Alternatives Worth Considering
Prospeo
If the core issue with DMG is opacity, Prospeo solves it directly. Fully self-serve with transparent credit-based pricing starting at ~$0.01 per email, plus a free tier of 75 verified emails per month so you can test quality on your actual target accounts before spending anything. The database covers 300M+ professional profiles with 98% email accuracy, and data refreshes every 7 days - not monthly. The 5-step verification process includes catch-all handling, spam-trap removal, and honeypot filtering, which is why customers like Snyk saw bounce rates drop from 35-40% to under 5%. No contracts, no sales calls, no quote requests.

Apollo.io

Skip this if you need best-in-class email accuracy - Apollo's strength is combining prospecting with outreach sequencing in one platform, not data purity. Their database is positioned at 275M+ contacts, and paid plans run $49-$119/user/month with transparent pricing on their site. Good for teams wanting an all-in-one workflow, but we've seen higher bounce rates compared to verification-first platforms (see email bounce rate benchmarks).
UpLead
UpLead starts at $99/month. It's a straightforward, self-serve option with transparent entry pricing, and it's often compared against contract-based platforms for teams that want simpler buying. Worth a look if your list sizes are modest and you don't need intent data or enrichment APIs.
Bottom Line
DMG may work for teams comfortable with quote-based purchasing and limited public validation. But the review integrity issues, pricing opacity, contradictory database claims, and lack of independent accuracy benchmarks are real concerns when you're evaluating any B2B data provider. For teams that want to verify data quality before committing budget, start with a platform that offers a free tier, transparent pricing, and independently measurable accuracy - don't take a vendor's word for it when you can test the data yourself.
If you're comparing vendors side-by-side, it can also help to start from a broader shortlist of sales prospecting databases and B2B company data providers.

One real review across six platforms. No public pricing. Inconsistent database size claims.
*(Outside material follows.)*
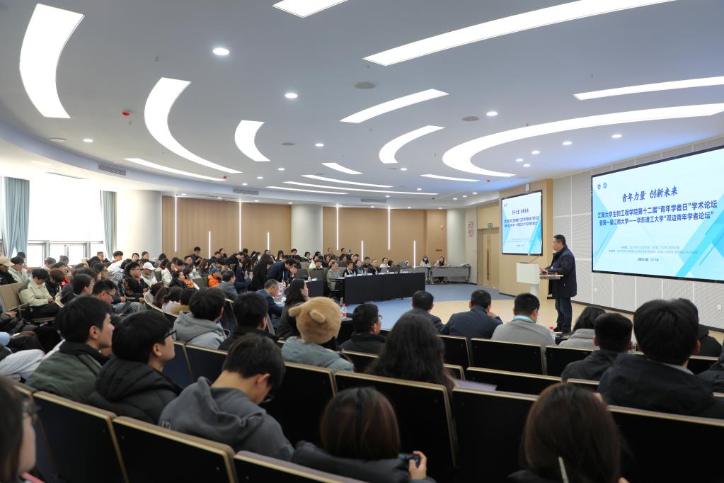 论坛以“青年力量,创新未来:共筑生物工程新图景”为主题。中国工程院院士、世界杯官网未来食品科学中心首席科学家陈坚教授,世界杯官网科技发展部部长王震宇教授,华东理工大学世界杯官网党委书记程家高教授、院长叶邦策教授、副院长王启要教授、郑高伟教授,世界杯官网人文学院黄晓丹教授,世界杯官网党委书记程捷音,副院长聂尧教授、陈旭升教授、赵鑫锐教授,世界杯官网饶志明教授,以及来自两校的教授、青年学者和师生代表出席论坛。世界杯官网院长尹健主持论坛开幕式和主旨报告。

You deserve better signals before committing budget. Prospeo gives you transparent pricing at ~$0.01/email, 300M+ profiles refreshed every 7 days, and a free tier so you can audit quality before you spend a dollar.
Transparent pricing, verifiable accuracy, zero guesswork.
FAQ
Does Data Marketers Group offer a free trial?
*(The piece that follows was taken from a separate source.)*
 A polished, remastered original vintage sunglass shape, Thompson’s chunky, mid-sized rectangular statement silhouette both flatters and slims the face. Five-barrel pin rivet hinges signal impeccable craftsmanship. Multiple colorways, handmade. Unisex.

DMG doesn't advertise a free trial or free tier on its website. You'll need to contact their sales team for a custom quote. By contrast, Prospeo offers 75 free verified emails per month with no credit card required, letting you test accuracy on real prospects before spending.
How accurate is Data Marketers Group's data?
DMG self-reports 90-95% deliverability, but no third-party audit or independent benchmark supports that claim. Without published bounce-rate data or case studies, there's no way to verify it before buying a list.
What does Data Marketers Group charge per lead?
DMG's blog references $0.10-$0.50 per lead as a general market range for curated B2B lists, but actual pricing requires a custom quote. Transparent alternatives like BIGDBM publish rates upfront at $0.04-$0.07 per match.
Why are there so few reviews of Data Marketers Group?
Despite claiming 600+ startup clients and a 125M-record database, DMG has just one verified, on-topic review across six major platforms as of 2026. Yelp also flags their listing for suspicious review activity - an unusual signal for a company of this reported size.